▸ Activity
Transcribe exactly the lines below that begin at the line with "Imagen del 14" and stop after the line with "До Нового Года", leaving out every picture.

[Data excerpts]

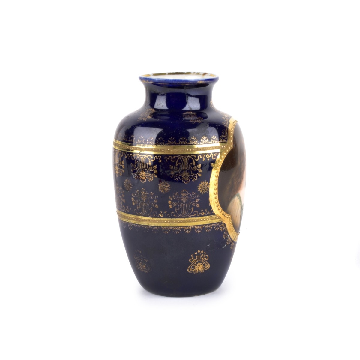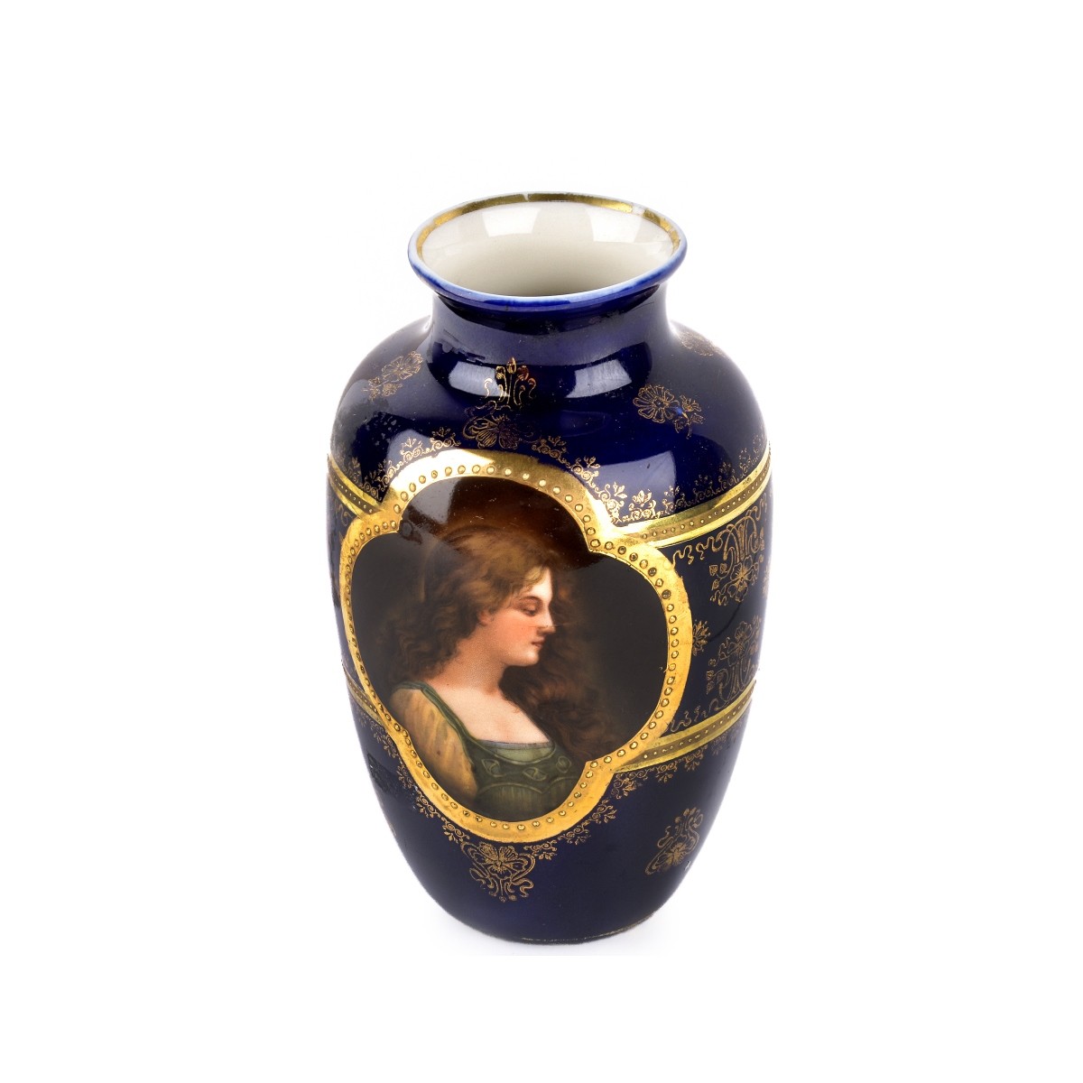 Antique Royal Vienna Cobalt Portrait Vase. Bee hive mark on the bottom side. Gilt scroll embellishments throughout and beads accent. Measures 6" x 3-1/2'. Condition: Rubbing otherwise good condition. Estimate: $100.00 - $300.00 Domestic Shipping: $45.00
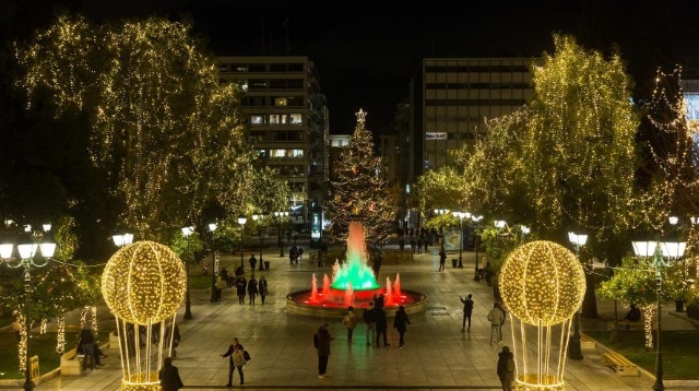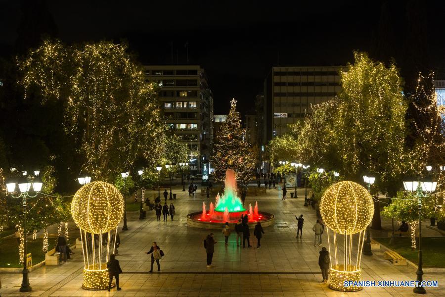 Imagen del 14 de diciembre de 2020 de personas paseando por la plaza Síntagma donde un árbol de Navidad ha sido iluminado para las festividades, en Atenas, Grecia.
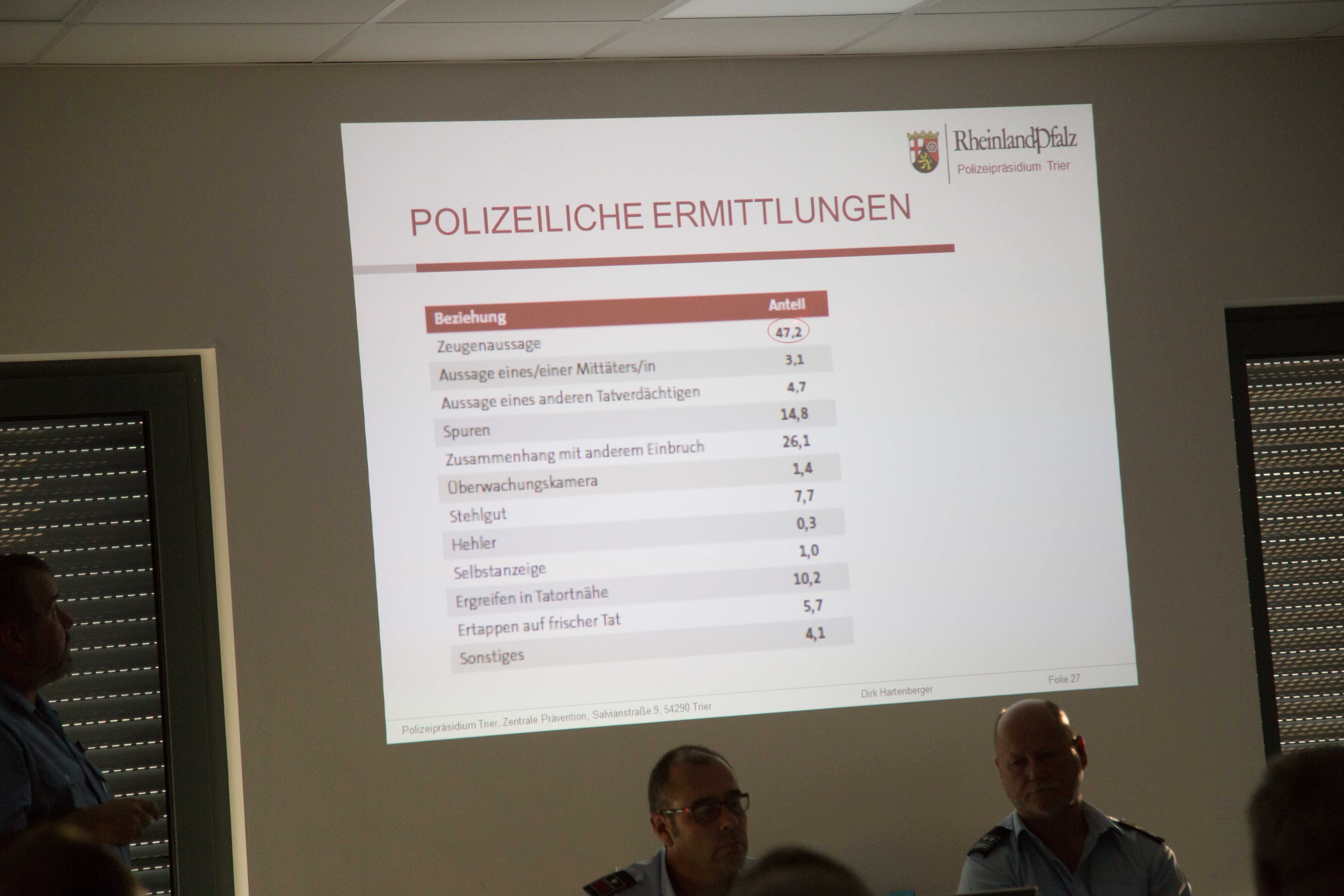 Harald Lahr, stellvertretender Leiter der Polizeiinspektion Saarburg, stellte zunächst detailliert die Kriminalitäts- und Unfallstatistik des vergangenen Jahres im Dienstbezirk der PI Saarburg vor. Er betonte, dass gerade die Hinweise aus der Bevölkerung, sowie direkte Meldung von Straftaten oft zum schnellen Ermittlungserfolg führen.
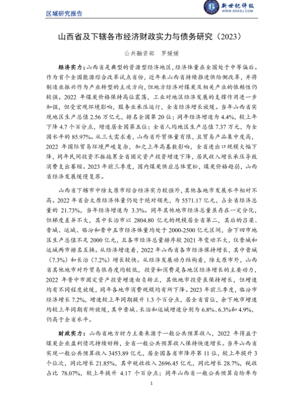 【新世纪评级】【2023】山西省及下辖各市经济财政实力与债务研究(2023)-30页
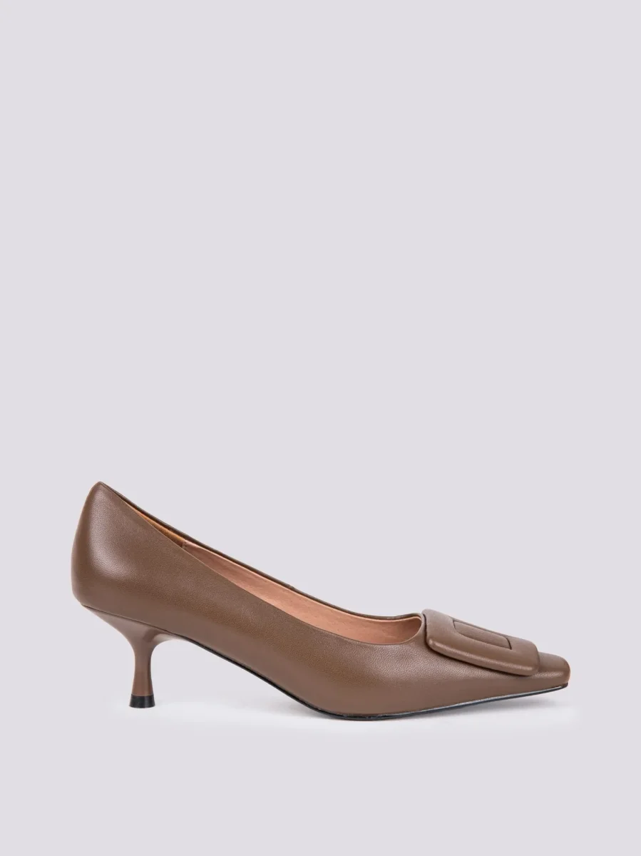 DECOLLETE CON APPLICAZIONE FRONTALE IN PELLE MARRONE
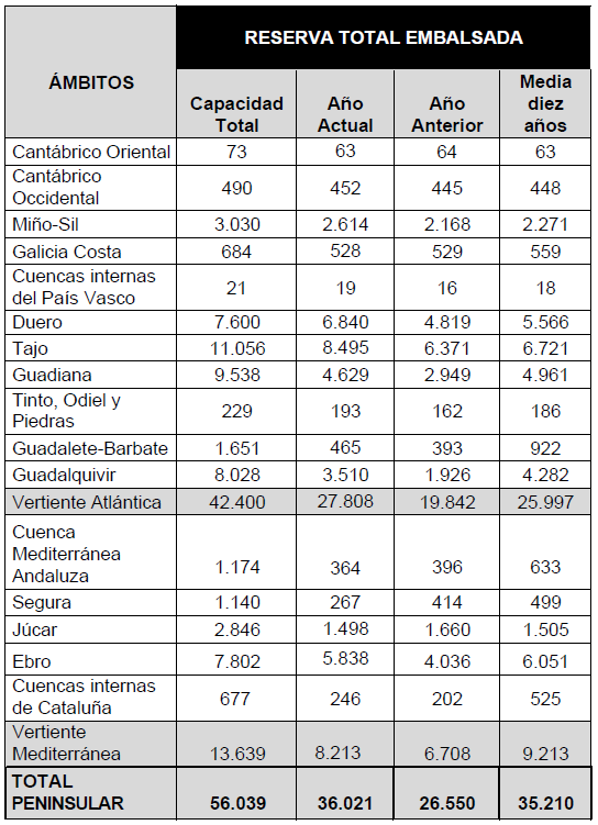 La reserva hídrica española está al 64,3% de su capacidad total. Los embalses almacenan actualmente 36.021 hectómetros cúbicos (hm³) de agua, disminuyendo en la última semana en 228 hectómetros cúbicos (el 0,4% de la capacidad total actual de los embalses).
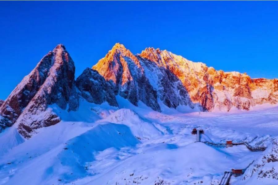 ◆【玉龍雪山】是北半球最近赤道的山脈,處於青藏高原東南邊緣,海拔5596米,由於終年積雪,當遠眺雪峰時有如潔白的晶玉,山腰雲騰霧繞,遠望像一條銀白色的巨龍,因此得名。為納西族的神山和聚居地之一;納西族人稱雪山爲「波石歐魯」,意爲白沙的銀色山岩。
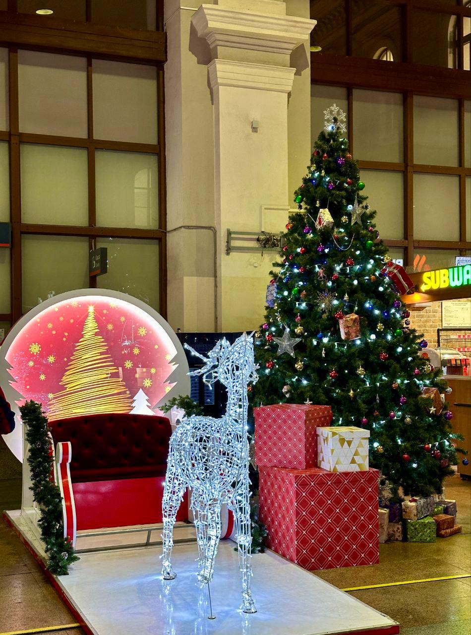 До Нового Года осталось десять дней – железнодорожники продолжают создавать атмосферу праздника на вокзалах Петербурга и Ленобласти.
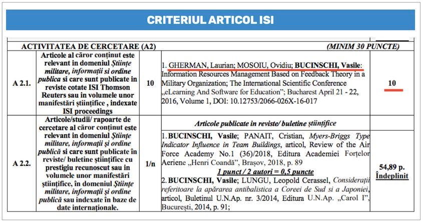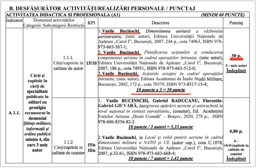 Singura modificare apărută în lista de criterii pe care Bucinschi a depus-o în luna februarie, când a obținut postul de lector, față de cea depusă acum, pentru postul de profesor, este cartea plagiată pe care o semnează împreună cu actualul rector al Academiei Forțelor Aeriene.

▸ Exercise result
 Imagen del 14 de diciembre de 2020 de personas paseando por la plaza Síntagma donde un árbol de Navidad ha sido iluminado para las festividades, en Atenas, Grecia.
 Harald Lahr, stellvertretender Leiter der Polizeiinspektion Saarburg, stellte zunächst detailliert die Kriminalitäts- und Unfallstatistik des vergangenen Jahres im Dienstbezirk der PI Saarburg vor. Er betonte, dass gerade die Hinweise aus der Bevölkerung, sowie direkte Meldung von Straftaten oft zum schnellen Ermittlungserfolg führen.
 【新世纪评级】【2023】山西省及下辖各市经济财政实力与债务研究(2023)-30页
 DECOLLETE CON APPLICAZIONE FRONTALE IN PELLE MARRONE
 La reserva hídrica española está al 64,3% de su capacidad total. Los embalses almacenan actualmente 36.021 hectómetros cúbicos (hm³) de agua, disminuyendo en la última semana en 228 hectómetros cúbicos (el 0,4% de la capacidad total actual de los embalses).
 ◆【玉龍雪山】是北半球最近赤道的山脈,處於青藏高原東南邊緣,海拔5596米,由於終年積雪,當遠眺雪峰時有如潔白的晶玉,山腰雲騰霧繞,遠望像一條銀白色的巨龍,因此得名。為納西族的神山和聚居地之一;納西族人稱雪山爲「波石歐魯」,意爲白沙的銀色山岩。
 До Нового Года осталось десять дней – железнодорожники продолжают создавать атмосферу праздника на вокзалах Петербурга и Ленобласти.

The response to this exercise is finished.